‘Distribution of products needs adequate compensation’

Sam Ghosh,CEO,Reliance Capital tells cost control is important to sustain the business in a challenging environment.

Written by Sandeep Singh | Published: May 28, 2012 1:24:04 am

In an environment when mutual fund,insurance,broking and distribution businesses are under stress,Sam Ghosh,CEO,Reliance Capital tells Sandeep Singh that cost control is important to sustain the business in a challenging environment. He told that the company is in talks for another stake sale in Reliance General Insurance as it prepares to reduce debt in its run up to preparation for a banking license.

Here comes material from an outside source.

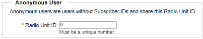 8. In the Anonymous User section, enter a value to identify anonymous WAVE users to the Capacity Plus Radio system. This field is used to identify WAVE users without Subscriber IDs. Capacity Plus radio system administrators should use the specified ID in this field to identify an anonymous WAVE user to radio users.

Excerpts:

How do you see the pressures right now on the financial services business and how are you dealing with them?

For our businesses,if there is a downturn in the stock market it obviously affects but that has been going on for the last six months and regulations and political changes have also contributed to the whole environment. I don’t see anything happening in the next 6-12 months. In today’s environment you have to be very cost conscious and focus on niche areas,you can’t be a generalist.

What has been the impact of regulations on all businesses?

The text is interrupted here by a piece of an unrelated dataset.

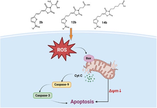Based on the results obtained in biological tests, we noted the impact of compounds on the two most important structures in the cell genetic material and mitochondria (Figure 13). The damaging effect on mitochondria by tested compounds can be attributed to the increased generation of reactive oxygen species. This starts a cascade of activations of numerous proapoptotic factors, such as increase in Bax protein expression, decrease in mitochondrial potential, release of cytochrome C, and increased caspases-9 and -3 concentrations in cancer cells [40]. Increasing the concentration of Bax protein causes permeabilization of the mitochondrial membrane [41]. It reduces mitochondrial potential, which disrupts the synthesis of ATP, the main energy carrier in the cell, which addresses the cell into the apoptotic pathway [42]. Due to the damaged mitochondrial membrane, cytochrome C is released into the cytosol. This protein is located in the intermembrane space of the mitochondria, playing a role as an electron transporter in the respiratory chain. However, it also serves as a signal along the intrinsic pathway of apoptosis. As such, released cytochrome C leads to the activation of initiator caspase-9, which, in turn, causes the activation of effector caspase-3. This protein is a final step in the intrinsic pathway of apoptosis and the one that ultimately leads the cell to the process of programmed cell death [43].

Since 2007,regulatory changes have taken place across the world and regulators have become tougher. Be it from RBI to Sebi to Irda,this is to ensure more compliance and ensure that the customer is treated fairly. Some of the regulatory changes had an immediate impact on the industry such as the introduction of no-entry loads in mutual funds and in a similar manner reduction in commission on various insurance products.

What do you expect from the regulators which could help the industry?

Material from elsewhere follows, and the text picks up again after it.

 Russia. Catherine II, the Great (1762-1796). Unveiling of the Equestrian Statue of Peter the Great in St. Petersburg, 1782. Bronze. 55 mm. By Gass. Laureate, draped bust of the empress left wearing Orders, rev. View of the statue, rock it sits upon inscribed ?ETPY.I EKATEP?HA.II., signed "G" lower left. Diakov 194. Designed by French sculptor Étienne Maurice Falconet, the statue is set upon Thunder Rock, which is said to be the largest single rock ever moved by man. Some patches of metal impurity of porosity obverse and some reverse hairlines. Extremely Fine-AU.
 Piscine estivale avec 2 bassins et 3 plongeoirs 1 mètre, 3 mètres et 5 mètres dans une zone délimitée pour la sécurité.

Ultimately,distribution of products needs adequate compensation otherwise we cannot distribute the products. So for any product that you distribute,you need to pay distribution fee because though people expect customers to come to you,it is rarely (5-10 per cent) that customers come to you. Secondly,since the markets are down,while you can’t do much,the regulators can help in pushing the industry into a certain way of functioning.

Do you mean that entry load should the there in some form?

They have already taken a small step by way of introducing Rs 100-150. I personally feel that you have to have some entry load otherwise you can’t bring new distributors in the system and if you can’t bring them you can’t grow the pie.

What is the capital requirement for your companies going


Going forward,none of our businesses require money other than small amounts like Rs 100 crore in general insurance over the next 2-3 years. We are,in fact,in the process of reducing our debt.

What’s your preparation for the banking business?

We have focussed on reducing the debt at the level of Reliance Capital. We sold stakes in Reliance Life and Reliance Capital AMC. After repaying from the proceeds of Reliance Life stake,we have a total debt of around Rs 4,500 crore which will come down to around Rs 3,000 crore with the proceeds from AMC stake sale. Ultimately,our goal is to have a debt of around Rs 1,000 crore of debt on Reliance Capital besides a debt of Rs 15,000 crore on the commercial finance book. So when the final banking guidelines come out,we would like to apply for it. While the draft talked about Rs 500 crore capital,most likely we need to start with Rs 1,000 crore capital.

We have now reduced our debt,enough cash and very comfortable position to apply for a banking license.

Are you looking for another stake sale?

The other stake sale will happen in the general insurance company and we are in discussions for the same. The stake sale should be around 26 per cent,while we have not signed a term sheet as yet,we would like to close it soon.